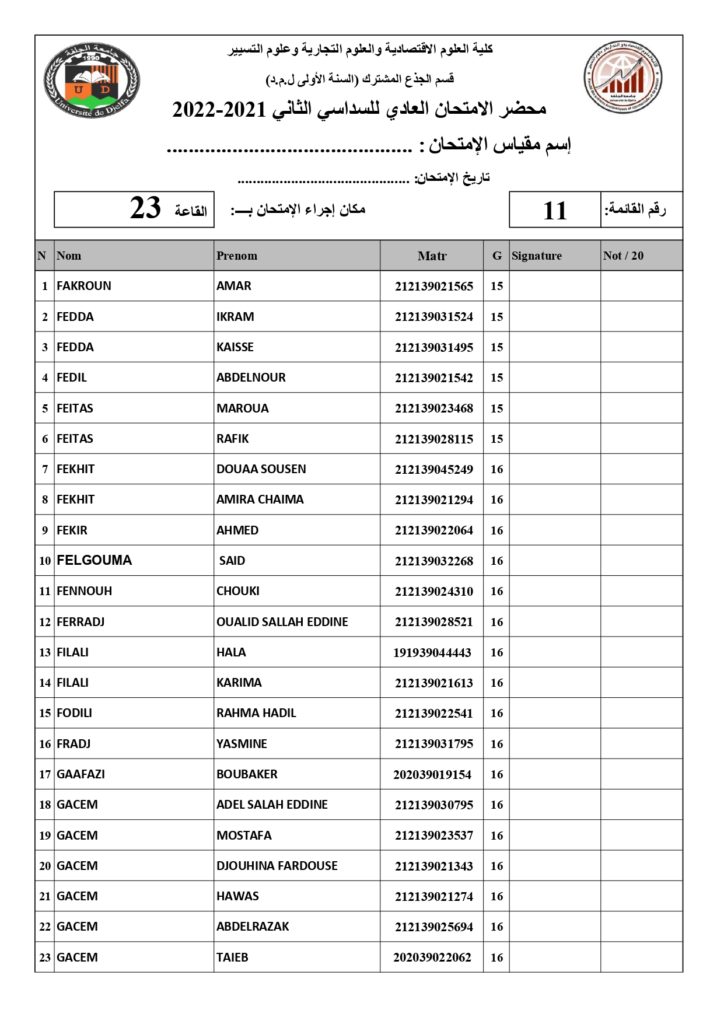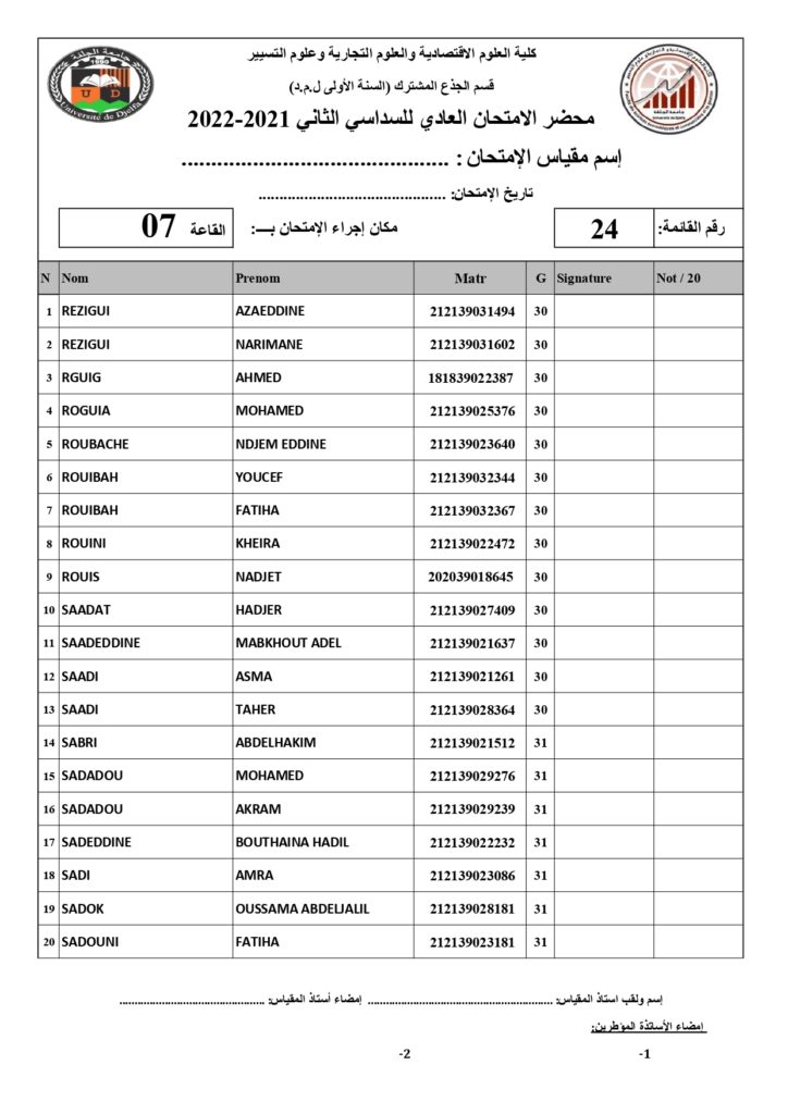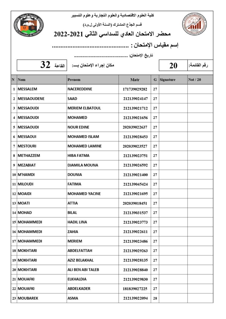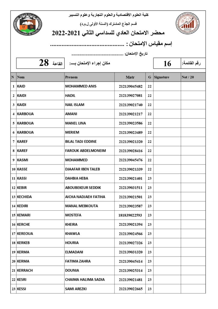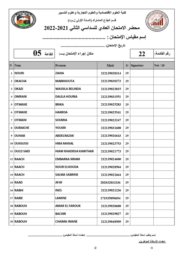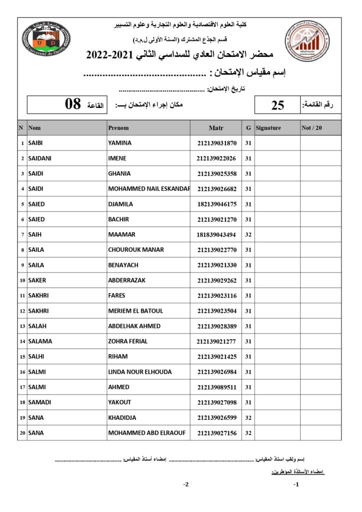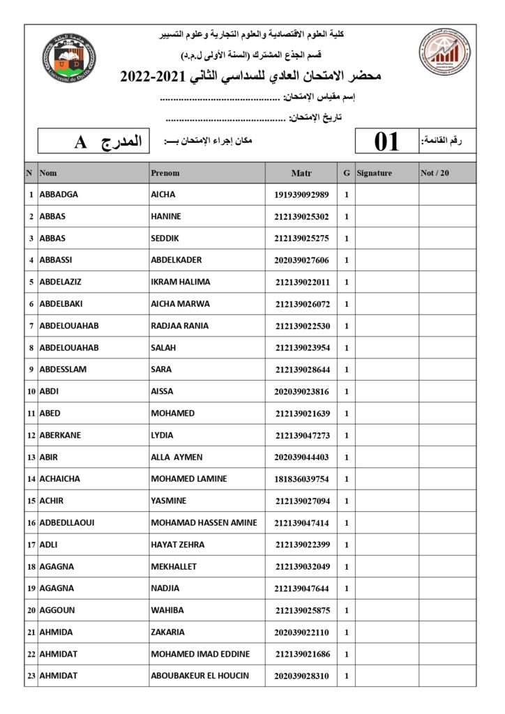 رزنامة امتحانات السداسي الثاني السنة أولى جذع مشترك للسنة الجامعية 2022/2021 +أماكن توزيع قاعات الإمتحان
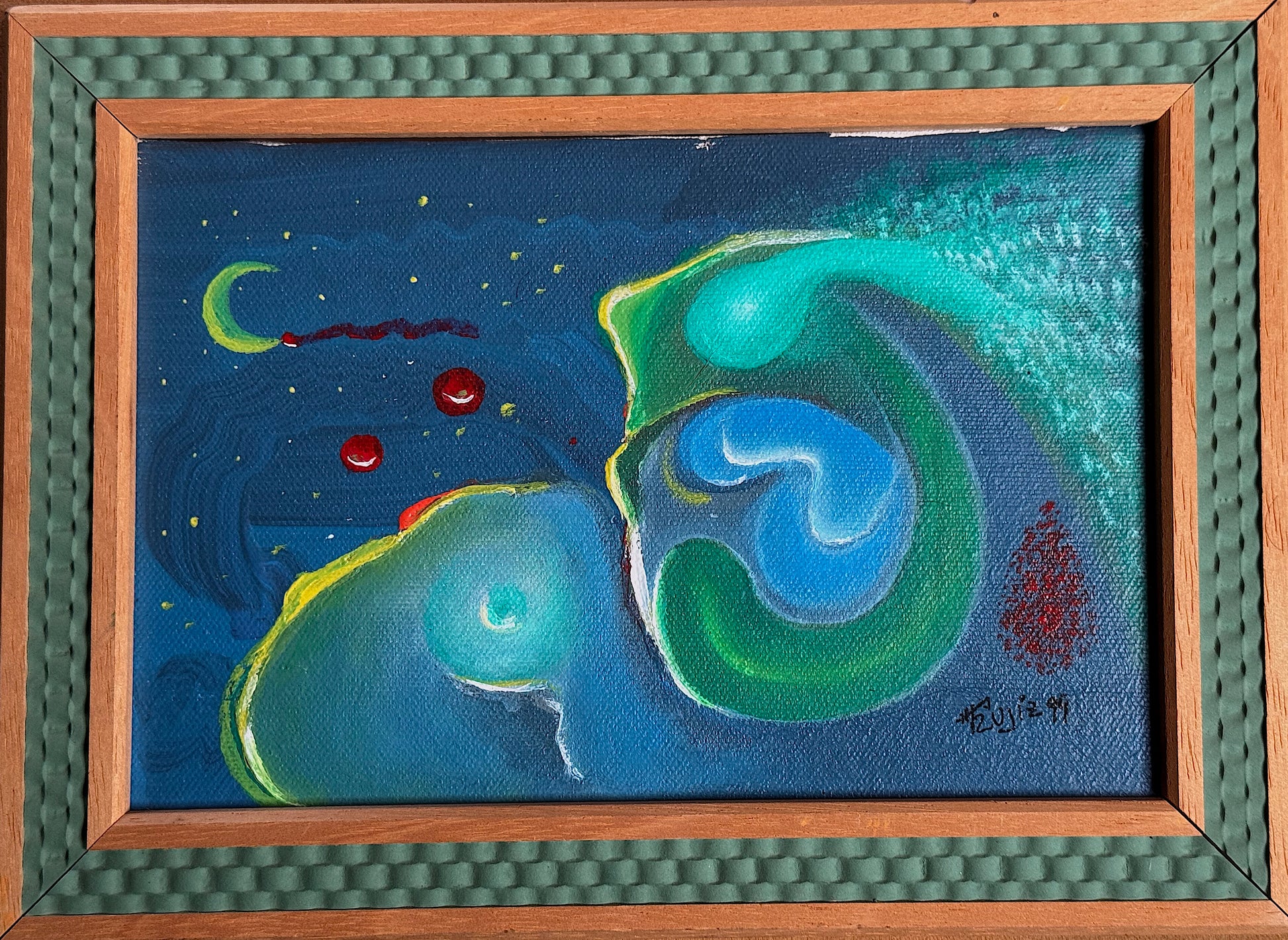 El cuadro Universo de Olores es como un viaje a través de los aromas y los recuerdos. Los colores azul y verde son como el aire cuando lleva un perfume, moviéndose suave y libre. Pintado en el 1999
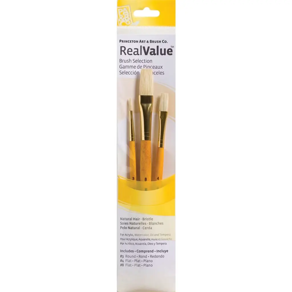 Princeton RealValue Brush Set, Natural Bristles, Short Handle Mixed Media Paintbrush, Yellow, 3 Per Set, 6 Sets | Princeton Artist Co. proudly presents the RealValue paintbrush collection—a curated series of meticulously selected brush sets that cater to every artistic need. Whether you prefer short-handle or long-handle styles, natural, synthetic, or a blend of bristles, the RealValue collection offers an unparalleled range of shapes and sizes. Designed to meet the demands of artists across all mediums—acrylic, watercolor, tempera, and oil—these brushes deliver exceptional mixed media performance at an incredible value. With RealValue, you'll find the perfect brush set to elevate your craft, whether you're just beginning or are a seasoned professional. Each set includes 3 brushes. Sold as 6 sets for a total of 18 brushes.
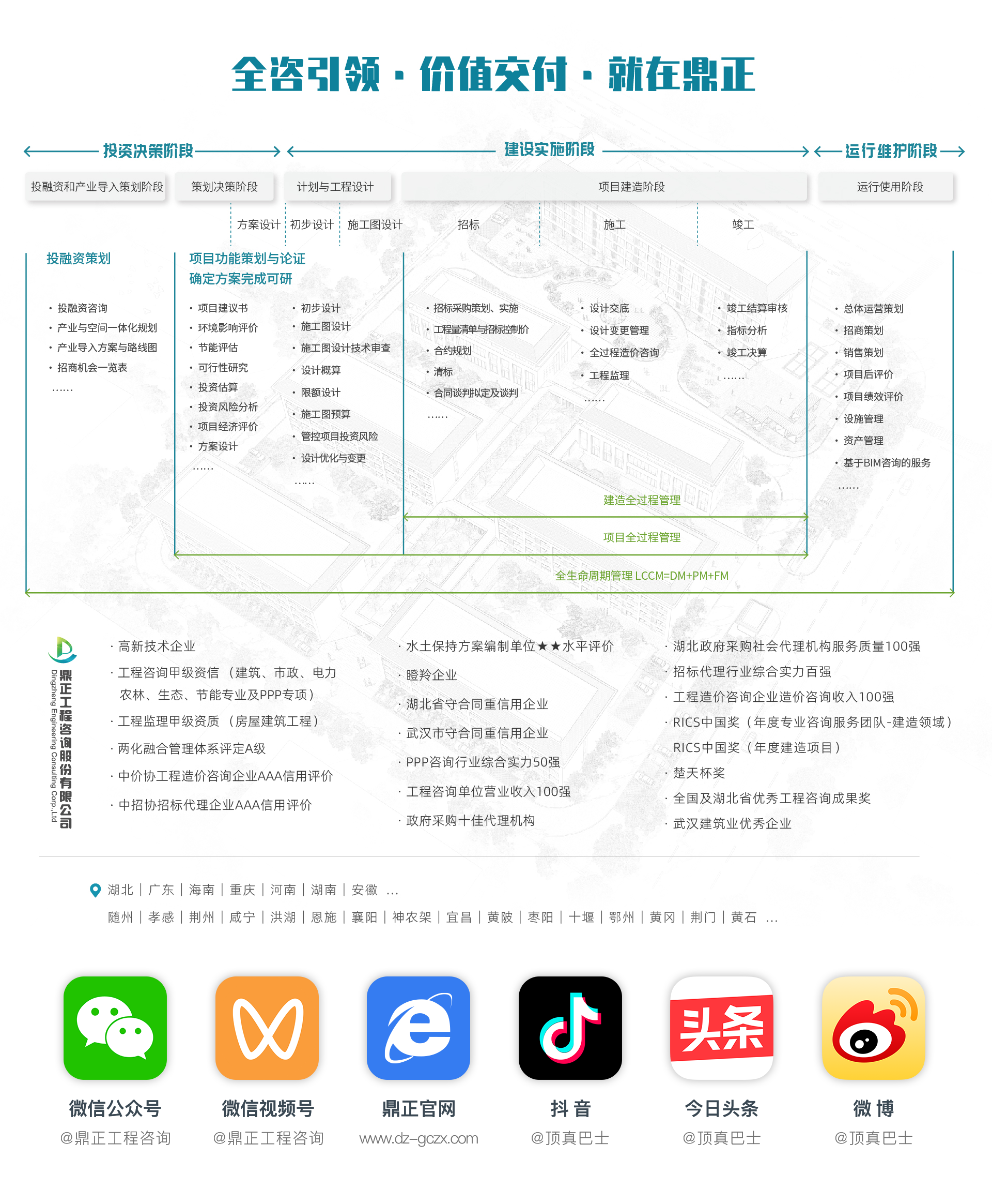 鼎正工程咨詢有限公司成立于2006年5月,公司具有工程咨詢、項目管理、工程造價咨詢、工程招標代理、土地規劃設計等多項專業咨詢資質...
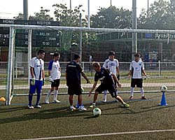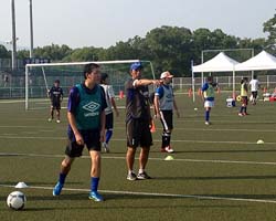その声にピッチにも緊張感が走り、コーチからの1つ1つの声に参加者の誰もが真剣に耳を傾け実践する。ボールを使ったトレーニングで小井戸正亮コーチからG大阪のパスサッカーについての秘密(?!)が明かされると、参加者からは思わず拍手がわき起こるシーンも。実際にコーチ陣も混じってそれを実践するにあたっては、頭と身体がなかなかイコールにならず苦笑いを浮かべる参加者も多かったが、そんな時は長谷川健太監督がゲキを飛ばす!
***
**INSTRUCTIONS FOR THE TASK**
The line that contains "Princeton RealValue Brush" begins the range and the last line of the entries ends it; print that range exactly, without pictures.

**RESPONSE BOX**
 Princeton RealValue Brush Set, Natural Bristles, Short Handle Mixed Media Paintbrush, Yellow, 3 Per Set, 6 Sets | Princeton Artist Co. proudly presents the RealValue paintbrush collection—a curated series of meticulously selected brush sets that cater to every artistic need. Whether you prefer short-handle or long-handle styles, natural, synthetic, or a blend of bristles, the RealValue collection offers an unparalleled range of shapes and sizes. Designed to meet the demands of artists across all mediums—acrylic, watercolor, tempera, and oil—these brushes deliver exceptional mixed media performance at an incredible value. With RealValue, you'll find the perfect brush set to elevate your craft, whether you're just beginning or are a seasoned professional. Each set includes 3 brushes. Sold as 6 sets for a total of 18 brushes.
 鼎正工程咨詢有限公司成立于2006年5月,公司具有工程咨詢、項目管理、工程造價咨詢、工程招標代理、土地規劃設計等多項專業咨詢資質...
その声にピッチにも緊張感が走り、コーチからの1つ1つの声に参加者の誰もが真剣に耳を傾け実践する。ボールを使ったトレーニングで小井戸正亮コーチからG大阪のパスサッカーについての秘密(?!)が明かされると、参加者からは思わず拍手がわき起こるシーンも。実際にコーチ陣も混じってそれを実践するにあたっては、頭と身体がなかなかイコールにならず苦笑いを浮かべる参加者も多かったが、そんな時は長谷川健太監督がゲキを飛ばす!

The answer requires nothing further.